Find if there are elements (x,y,z) in unsorted array so that x + y = z

Question

Given an unsorted array A[1...n].Write an algorithm that returns true if there are three elements A[i], A[j], A[k] in A so that A[i]+ A[j] = A[k], otherwise the algorithm must return false (note that may be that A[i] = A[j] and it is legal). Needed time is O(n^2). I come up with an algorithm that works in O(n^2 * log(n)). My algorithm sorts the Array and then for each couple of two elements x,y uses binary search to find whether there is an element x+y. Is there a faster solution that takes O(n^2)?

Answer 1

You could sort the array first - O(nlogn)

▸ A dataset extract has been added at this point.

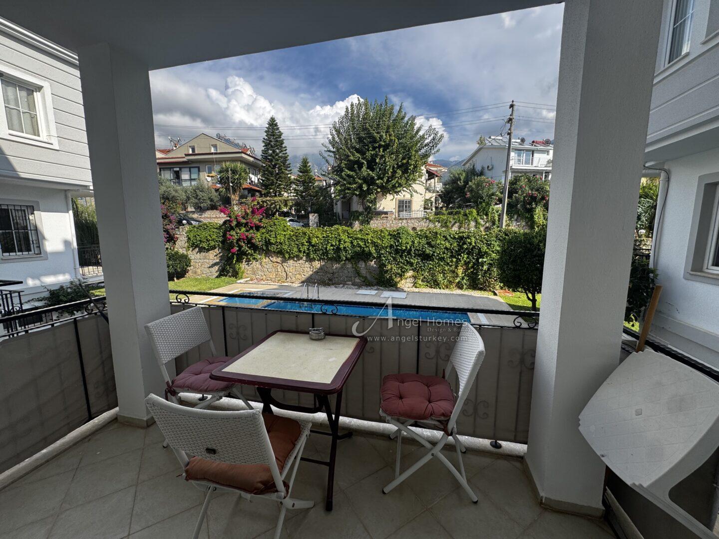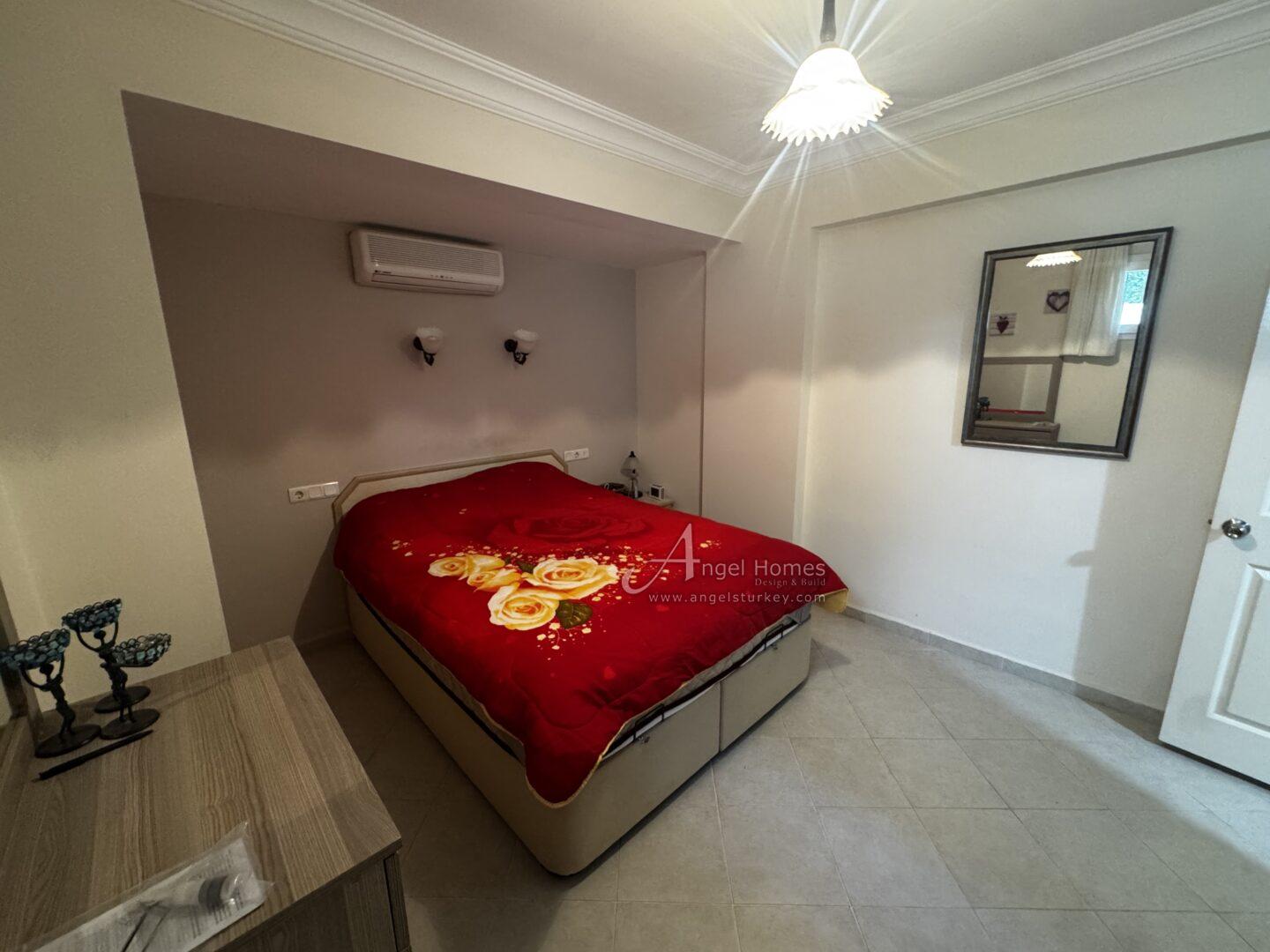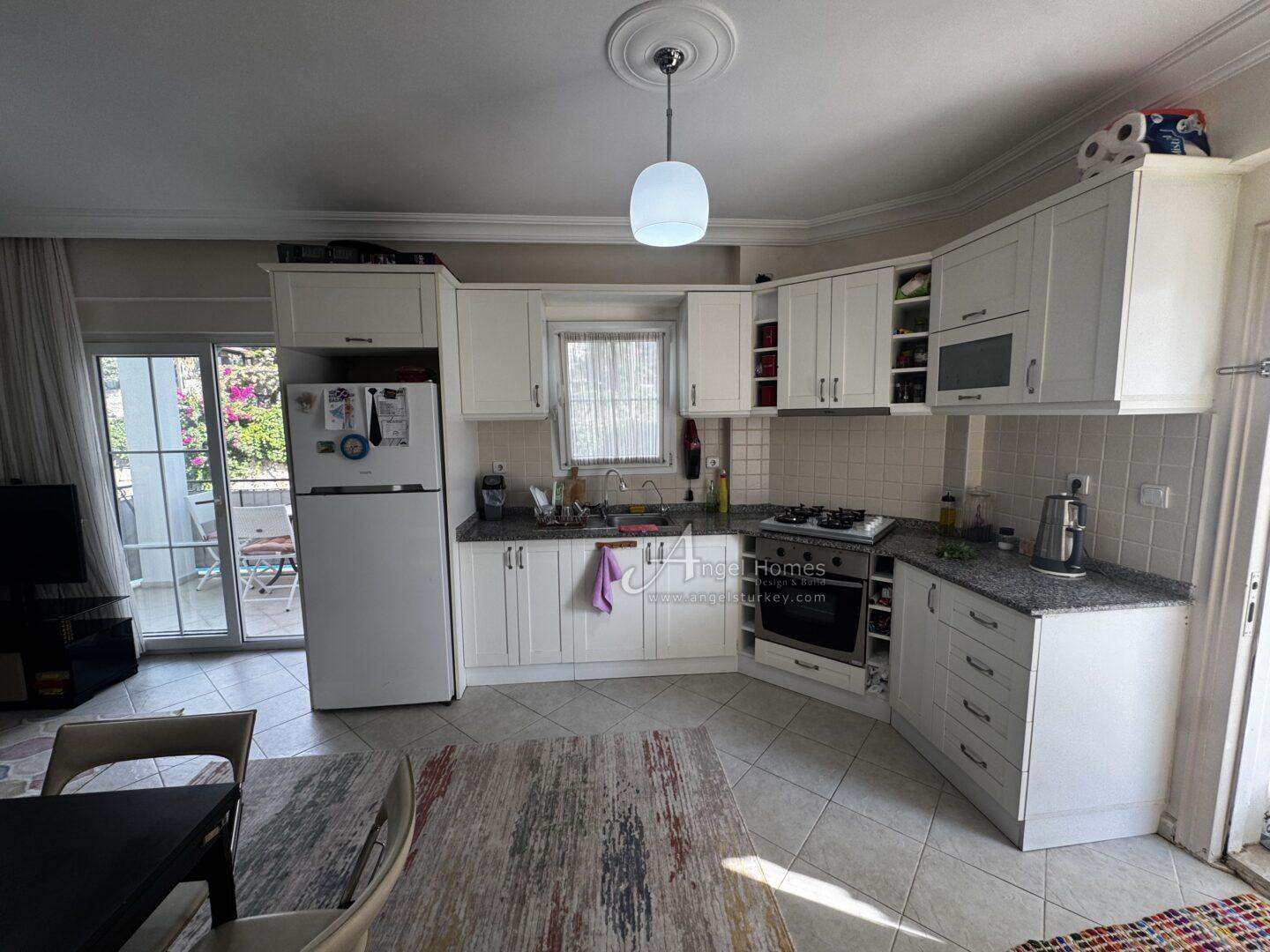 This spacious 3-bed duplex apartment in Hisaronu is in fabulous location, within a short walk from the Angel Homes office, lots of shops, bars, and amenities. It’s a furnished reverse duplex apartment, spread over the lower two floors of a small, well-maintained block with a pool and sun terraces. The apartment features a spacious interior with an open-plan living area, a balcony overlooking the pool and mountains, three bedrooms, and two bathrooms. This property is an excellent choice if you are looking for a spacious, key-ready holiday home at a good price that’s not far from the action. Get in touch to arrange a viewing.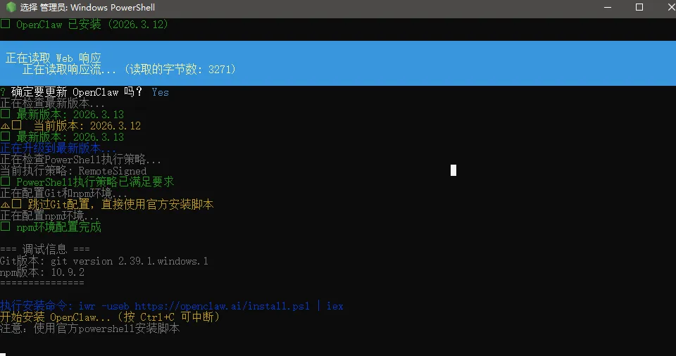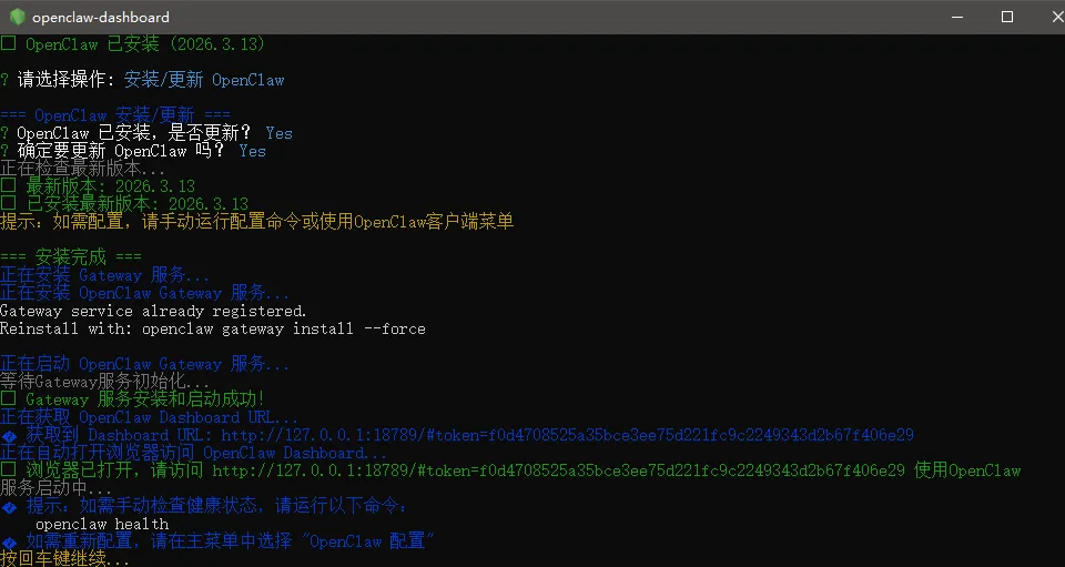 一键安装/更新:自动检测并安装最新版本的 OpenClaw

Then it boils down to finding two sum for A[k] among the elements A[0] .. A[k-1] for any element A[k]

The two sum for a sorted array can be found in O(n) with two pointer technique like:

boolean searchSum( int k, int[] A ) {
      if ( k > A.length - 1 || k < 2 ) return false;
      i = 0, j = k-1

      while ( i < j ) { 

            if (A[i] + A[j] == A[k]) 
                return true; 
            else if (A[i] + A[j] < A[k]) 
                i++; 
            else
                j--; 
      } 

      return false; 
}

for each k it is O(k-1) and overall the complexity should be O(n^2) .

you could call searchSum like:

boolean myMethod( int[] A ) {

   sort(A);
   for ( int i = A.length - 1; i >= 2; i-- ) {
      if ( searchSum( i, A ) ) {
        return true;
      }
   }

   return false;
}

Answer 2

您可以创建具有O（1）查找的A元素的哈希表，并将其用于搜索x + y。